Until I saw the most cutest bunny from the corner of my eyes, sadly it was being handle by a little girl that obviously didn't know she was upsetting the bunny by the why she held it. I walked up to her and smiled waited patiently till she got bored with the animal and placed her back into the cage with all the other bunnies.

I jumped at the chance and grabbed the bunny gently, holding her in my arms I glanced up at my boyfriend with pleading eyes. He then smiled and tried not to give in by saying. "What about a turtle I thought thats what we came here for". Then I simply pointed out how their were no turtles in this pet shop. So then he said we should first try another pet store, so I sadly agreed to that and placed the bunny back in the cage, and pouted my way out the door.

We got to Petsmart and to my delight there were also out of turtles. My heart beated with joy, I then looked up at my boyfriend and smiled. "Can we go back and get the bunny now?" He protested and argued with me but in the end I always get what I want.  So I got out my cellphone and researched about bunnies for about 30 minutes (my mistake) and bought all the supplies I believed we needed from petsmart, then made our way back to the original petstore to get the bunny I first laid eyes on. (I knew exactly which on she was since the was the tiniest)






^ Beth's first day with use. (I got rid of the wire bottom no worries) We didn't know her sex and the petshop people said she was too young to tell. So she remained up named for about two weeks. 

Until she had her first vet visit, sadly because of a broken toe. The vet said it must of broke at the petshop judging on how much it had healed already) :c so sad that I didn't notice it sooner but she never showed signs of pain. So now Bethy has one two less. xD Poor thing. 

*** When I got home that day I began to research more than I did the first time and found out I shouldn't have bought the mixed food I got from Kaytee, :lookaround so the next day I got the right kind of pellet food. 
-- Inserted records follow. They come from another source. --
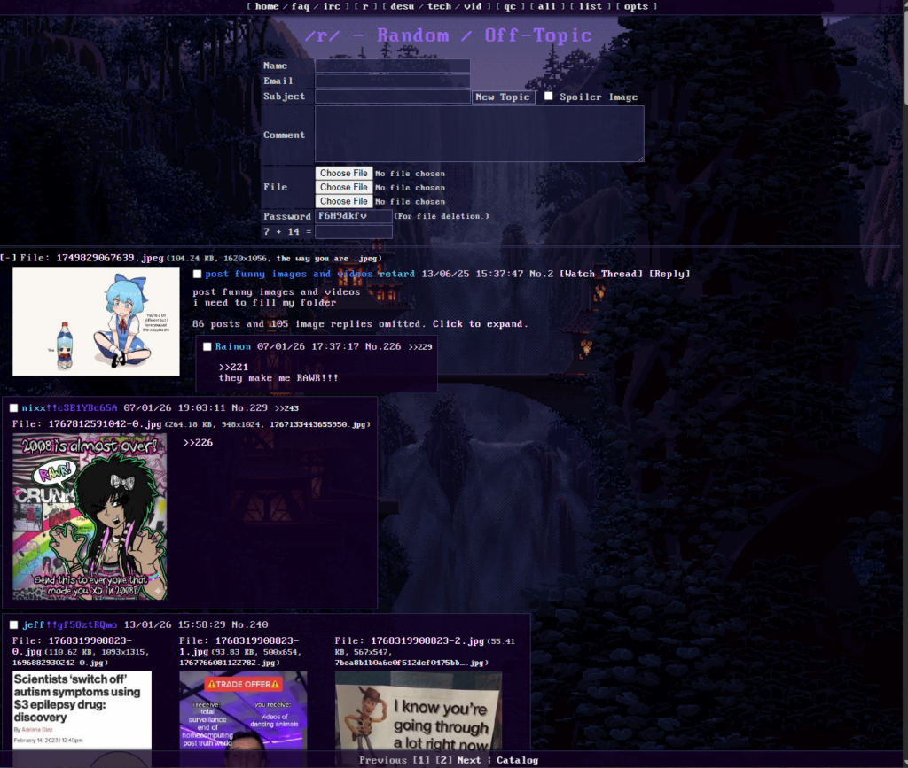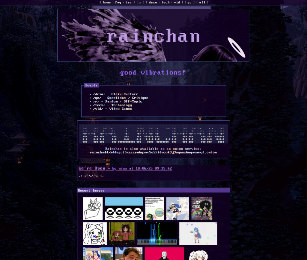 Rainchan is a small, anonymous imageboard (using the vichan engine) that describes itself as a place for “funposting and good vibrations.” It is part of the “IndieWeb” or “Small Web” movement, which rejects mainstream social media in favor of decentralized, personal, and hobbyist-run platforms.
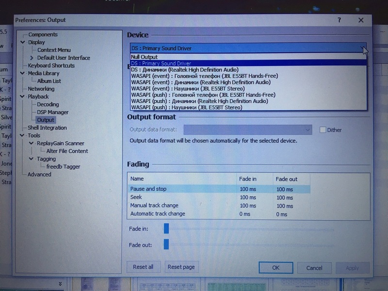 Также почитал форумы. Скачал вот отсюда http://foobar2000.org/components/view/foo_out_wasapi плагин для foobar2000, установил его в плеер. После установки плагина захожу в настройки плеера и вижу там в списке Девайсов следующие варианты: wasapi (event): Головной телефон JBL E55BT, wasapi (event): Динамики Реалтек хай дефинишн, wasapi (event): Наушники JBL E55BT Stereo, и такие же три варианта для wasapi (push):
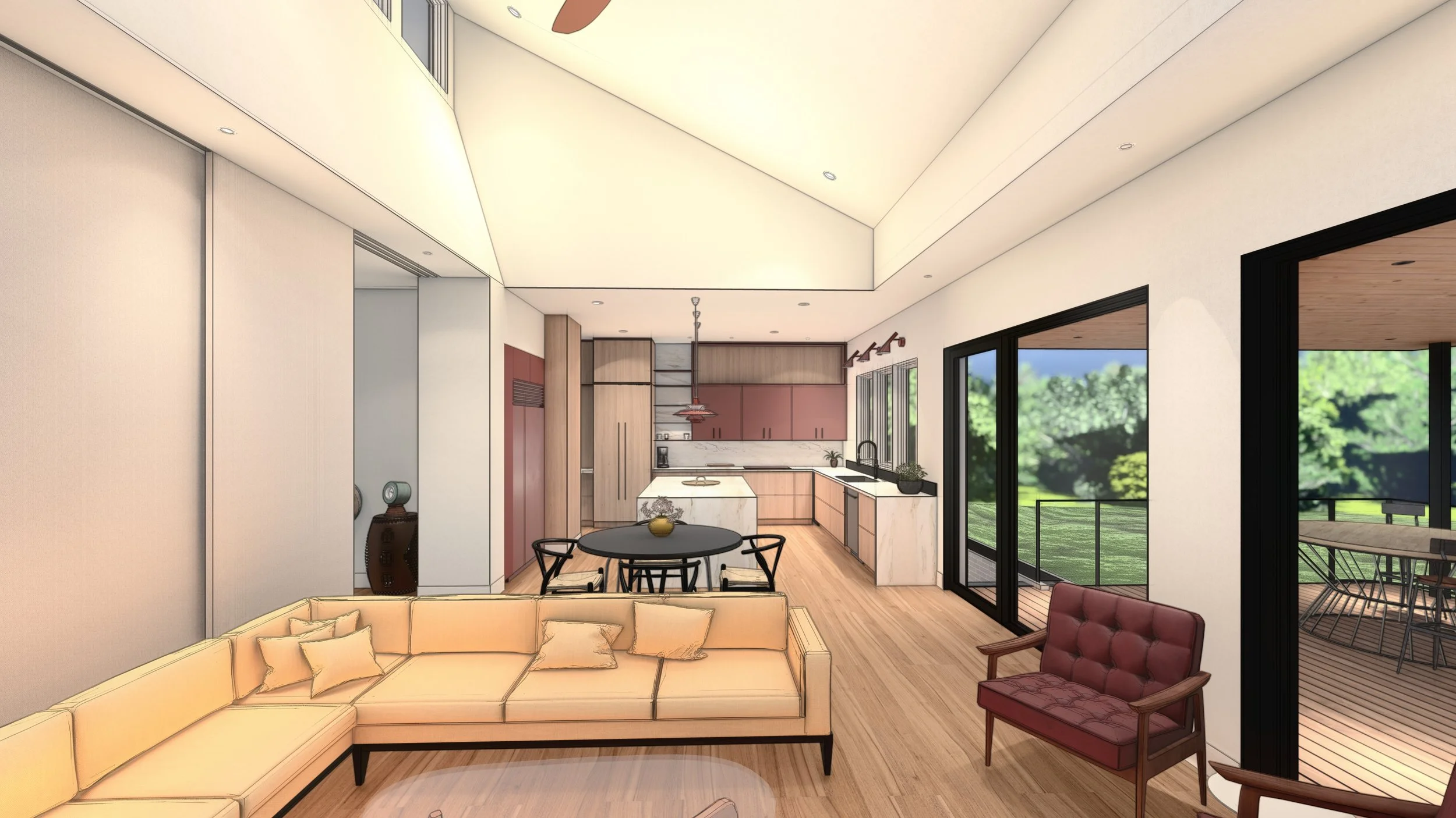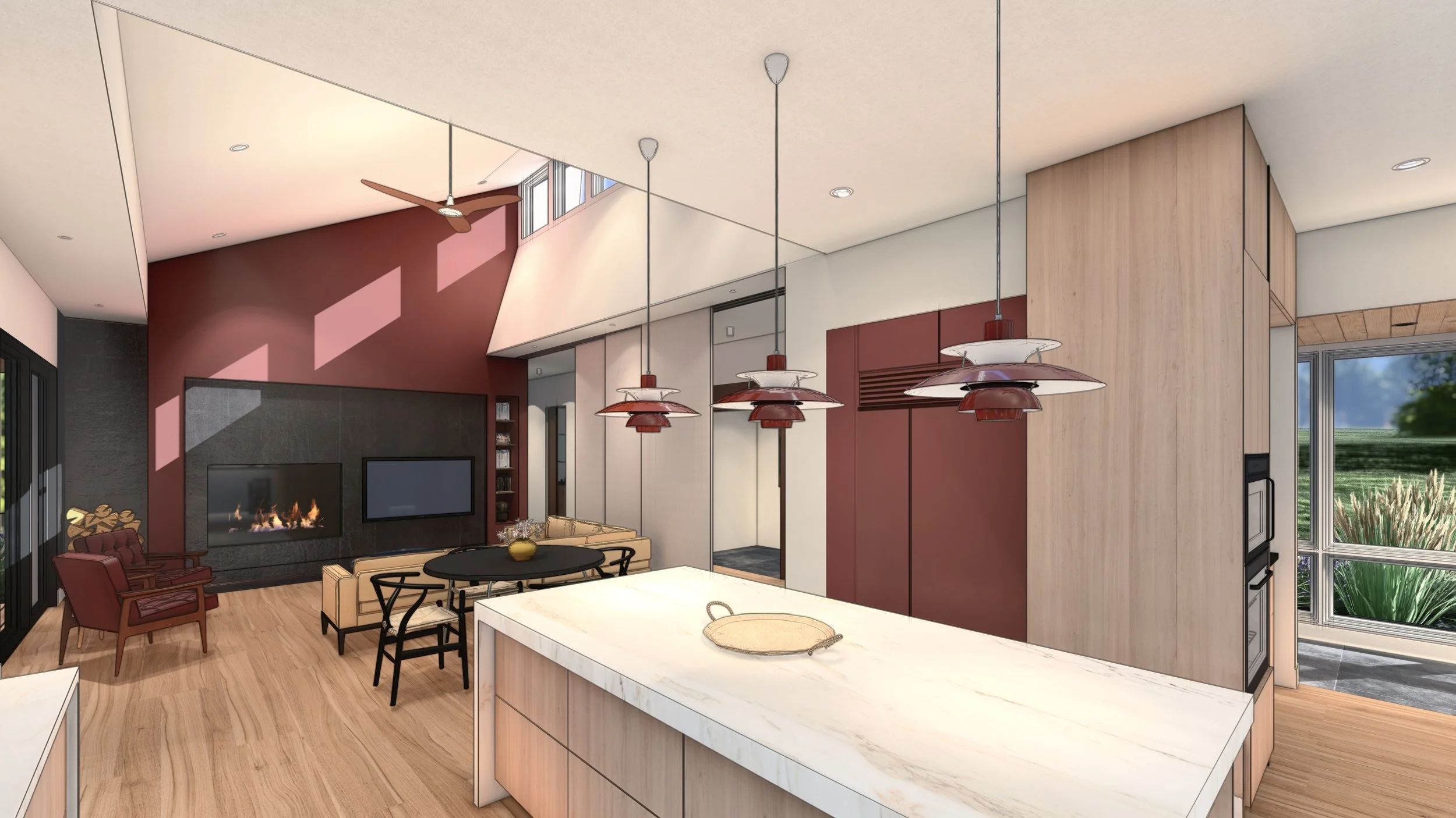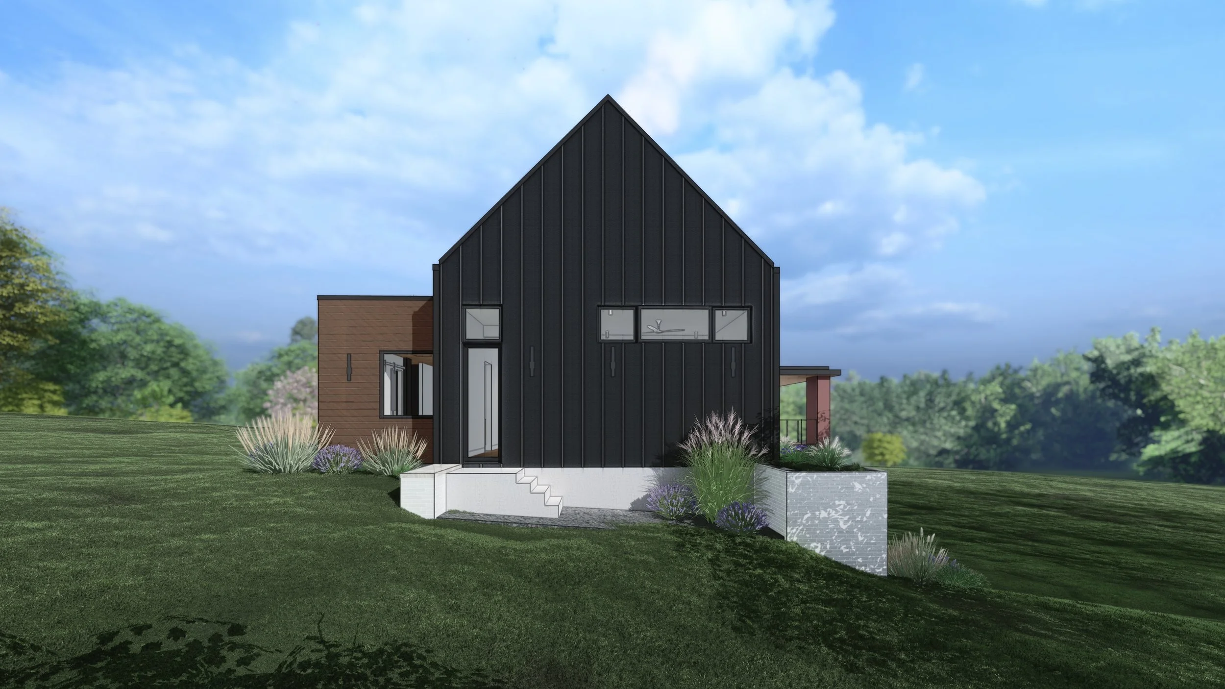 Set on a quiet acreage just outside of town, this residence was envisioned as a contemporary interpretation of the rural farmhouse—designed to support the creative lifestyle of two local artists. The clients sought a long-term residence that could evolve with their personal and professional lives, blending everyday living with artistic production. The opportunity was to create a custom home that reflects their values of sustainability, functionality, and creative expression, while offering a timeless and adaptable environment rooted in the rural landscape.
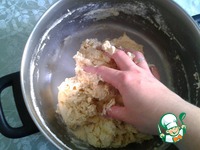 Начинаем замешивать тесто руками. В процессе вымешивания добавляем соль, закваску и чабрец. |
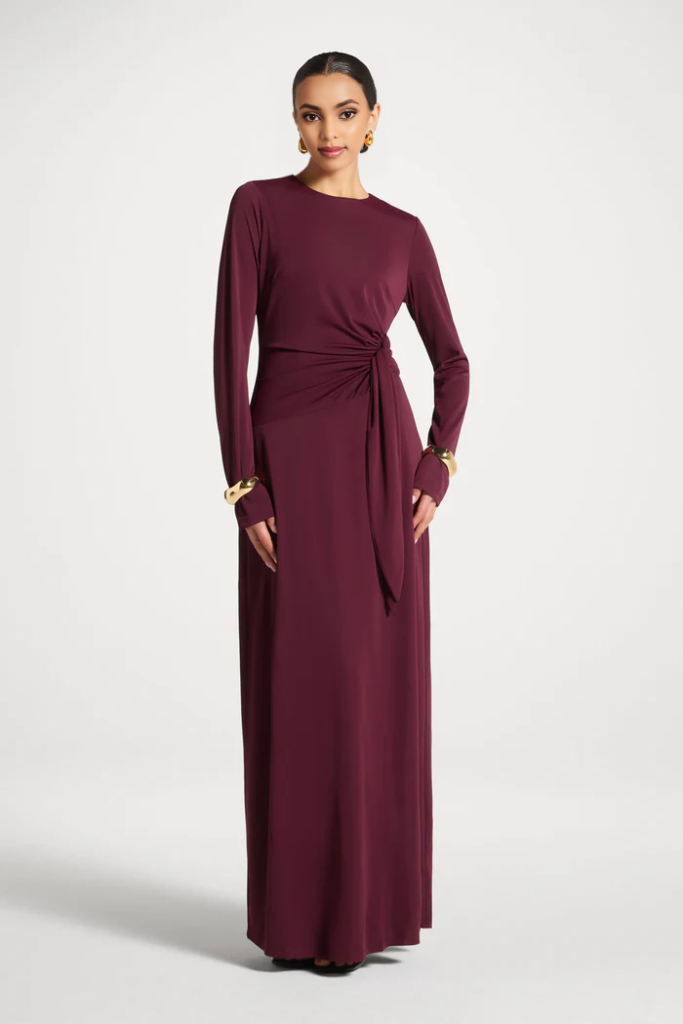 Asymmetrical Waist Ruched Maxi Dress | One Shoulder Long Gown | Modest Evening Dress | Eid Wedding Guest Dress
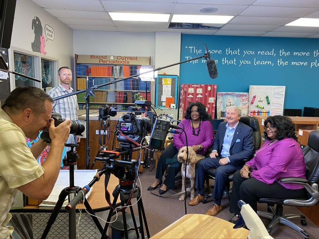 (Photo caption: FHU President David Shannon interviews Drs. Karen and Sharen Cypress for the 150th celebration video)
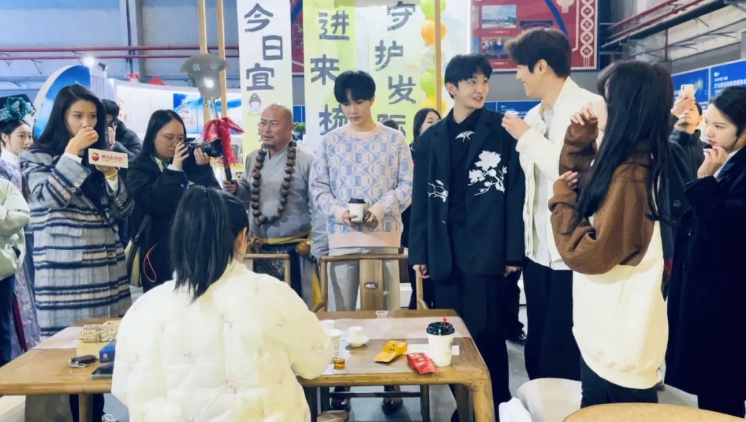 丁嘉文、曹曦月、权沛伦、杜容一、黄雯卿5名青年演员也“闻香”来到金华馆,品尝了东阳东白茶、磐安芡实茯苓糕、义乌麻糖等美味,大赞“好吃”“再来一个”。
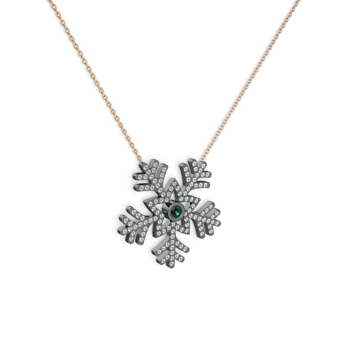 Yeşil kuvars ve pırlanta 925 ayar siyah rodyum kaplama gümüş kolye (1.012 karat, 40 cm rose altın rolo zincir)
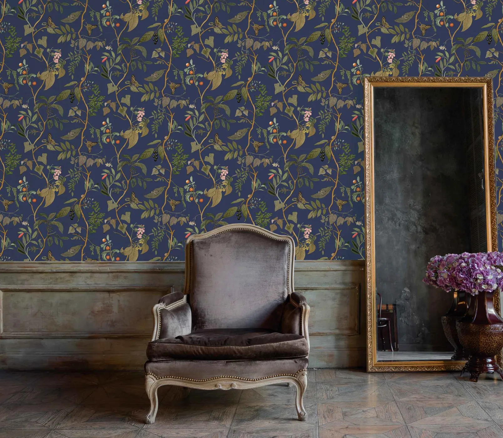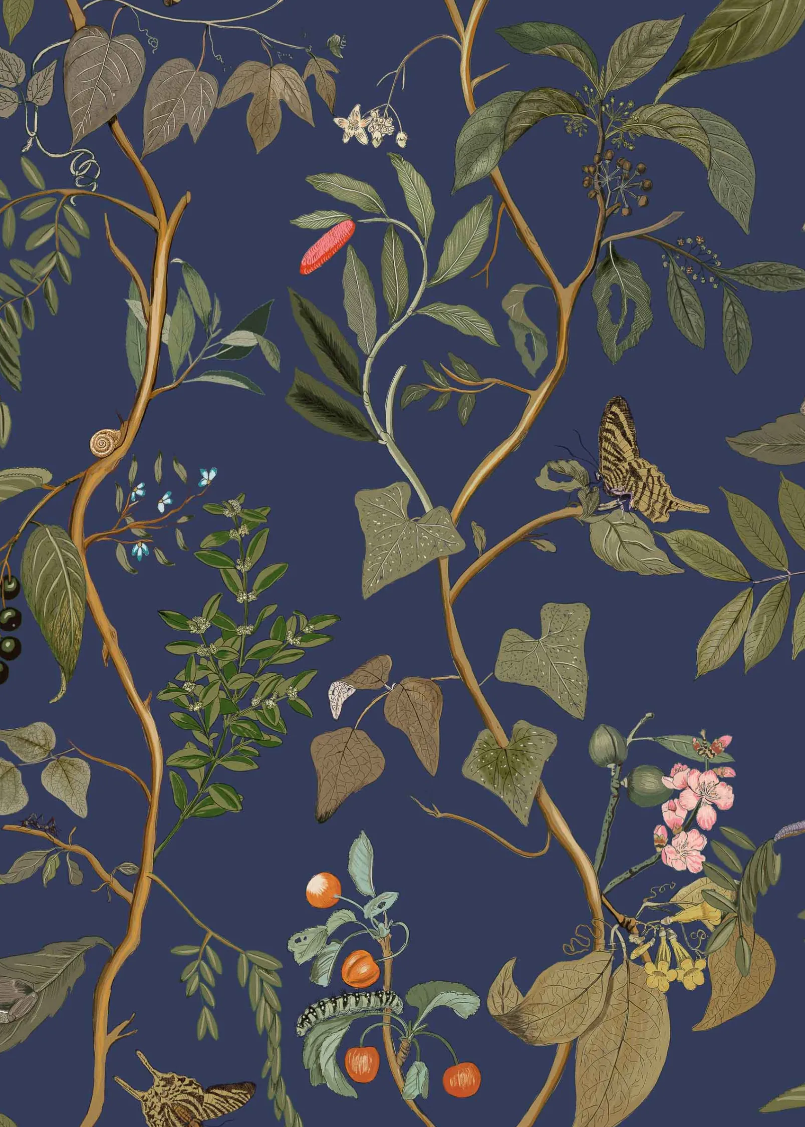 El papel pintado Diderot Topaz de Coordonné es un diseño vegetal en tonos azules/azules de la colección Maximalism.
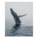 Photo d'une baleine à bosse qui saute de l'océan. La couche marine brumeuse n'a pas encore été relevée. Le ciel et l'océan sont presque les mêmes couleurs bleu et gris, seule la vague blanche créée par la baleine donne la séparation du ciel et des eaux. Complétez cette série d'images avec les photos disponibles de cette faune expérimentée en scène d'action. Recherchez ces titres, 'Humpback Whale Calf' et 'The Bird that Woke the Whales'. Copyright © 2024 Kimberly J Tilley. zazzle.com/store/developingnature
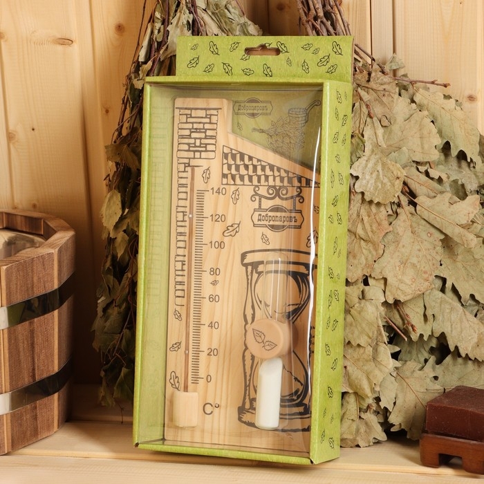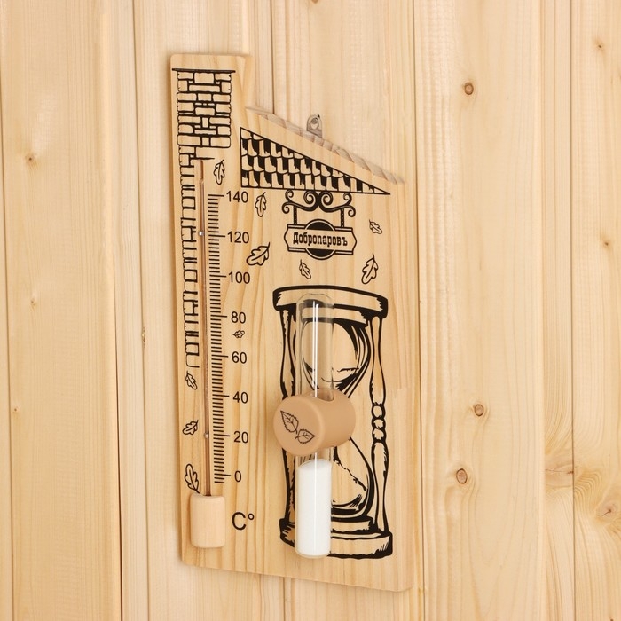 Термометр для бани с песочными часами 15 мин "Дом", деревянный, 28 х 14 см, Добропаровъ
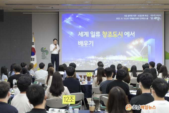 À̹ø ±³À°Àº ¹Î¼±8±â ½ÃÁ¤ ¹æÇâ¿¡ ´ëÇÑ °ø°¨´ë¸¦ Çü¼ºÇϰí ÀçÁ÷±â°£ 3³â À̳»ÀÎ Á÷¿øÀÇ ÇöÀå ½Ç¹«´É·ÂÀ» Çâ»óÇϱâ À§ÇØ ¸¶·ÃµÇ¾ú´Ù. ±â¼öº° ´Ù¸¥ ³»¿ëÀ¸·Î ½ÃÇàµÈ ±³À°Àº ¼±¹è․µ¿·á°¡ °»ç°¡ µÇ¾î ³ëÇϿ츦 °øÀ¯ÇÏ´Â ¡®³ªµµ°»ç¡¯ÀÇ °ø¹®¼ ÀÛ¼º, ȸ°è½Ç¹«, ¼øÃµÀÇ ¼¼°è¹®ÈÀ¯»ê µî 6°³ ±³À°°ú Á¶Á÷¼ÒÅë°ú ¹Î¿øÀÀ´ë µî 4°³ Àü¹® ±³À°À¸·Î ±¸¼ºµÇ¾ú´Ù.
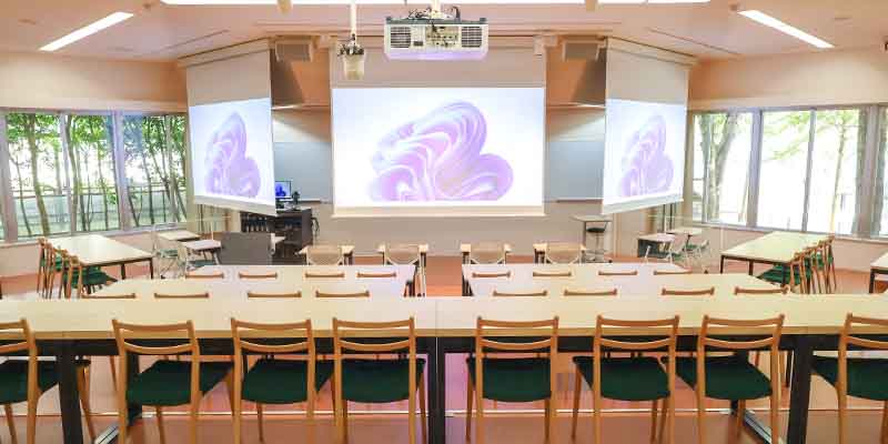 提示用モニターとして、3台のプロジェクターが設置され、教室のどこにいても、資料をしっかり見て学ぶことができます。

~ Hope this is how blogs are supposed to be. -is new- 

Till Next Time!
[/align]


----------



## TinysMom (Mar 14, 2011)

Welcome Beth & Monica. In case you don't know - she is a tort lionhead - I'm guessing she's double-mane and I think she'll probably keep her mane (if the wool looks crimped - she'll keep it after molts).

Of course - the next words out of my mouth will be "MORE PICTURES!!!"


----------



## Nela (Mar 14, 2011)

Too cute! Welcome to the rabbit family :biggrin2:


----------



## Bethybuns (Mar 14, 2011)

[align=center]Hey Peg and Nela ^^

Oh thanks for letting me Know Peg, I was thinking she was a lionhead her ears are long though thats what through me off.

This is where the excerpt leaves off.